I have Fluval Spec V and the nozzle it comes with is great but restricting so i just want to get the ball joint extension and a 2 or 3 way splitter so help out. 
please feel free to post here or pm or even text me with info!


----------



## TypeZERO (Jul 20, 2007)

Mops ( mail order pet supplies) has them. They are called loc line Aln!
Got chu!


----------



## tom g (Jul 8, 2009)

*loc line*

Big als has them u have to ask them for them...


----------



## aln (Jan 26, 2010)

tom g said:


> Big als has them u have to ask them for them...


i asked they only have 3/4" ones


----------



## aln (Jan 26, 2010)

TypeZERO said:


> Mops ( mail order pet supplies) has them. They are called loc line Aln!
> Got chu!


thanks! i'll check it out!
ummm where are they located?
or website? lol is mops like aquariumsupplies.ca?


----------



## Tristan (Aug 15, 2011)

http://www.worldtools.com/

Cheaper than anyone else (I think) and they ship quickly or you can go pick it up. They have a ton of stuff everyone else doesn't carry.

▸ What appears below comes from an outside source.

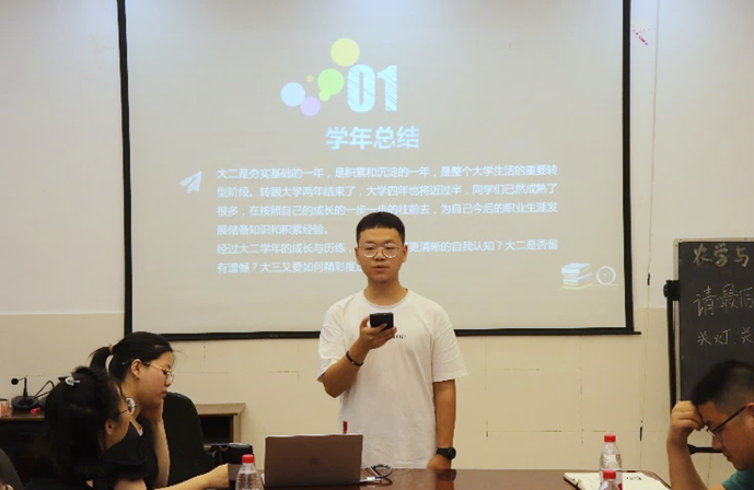 时光飞逝,流水悄然。在大二即将结束,大学生活已然过半之际,为了帮助同学们做好大三学习生活规划,同时更好地思考未来职业生涯,6月24日下午,由2020级区域一班和区域二班联合举办的“不负青春,与梦同行”交流分享主题班会拉开了帷幕。会议邀请了大三、大四年级区域专业优秀学生代表王卓雅、李欣和刘玲洁进行经验分享,2020级区域1班班主任陈琼、区域2班班主任李燕、辅导员王皓、区域系教师徐鑫以及2020级区域专业全体学生共同参加班会。会议从学生代表学年总结、优秀学长学姐经验分享、班主任及导师发言、优秀寝室代表分享和辅导员发言等六个方面展开,班会由区域1班李洁同学主持。

Just checked...much cheaper


----------



## aln (Jan 26, 2010)

Tristan said:


> http://www.worldtools.com/
> 
> Cheaper than anyone else (I think) and they ship quickly or you can go pick it up. They have a ton of stuff everyone else doesn't carry.
> 
> Just checked...much cheaper


oo awesome! i'll check that out also!  i might still have to get it shipped since going all the way to brampton will be a problem


----------



## duckhams (Oct 13, 2009)

World tools is awesome, I just bought some stuff from them on tristan's recommendation. They give you a lot more for your $ than aquatic stores.


----------



## aln (Jan 26, 2010)

well i sent my order!  i'll see when i get my loc lines in. cant wait


----------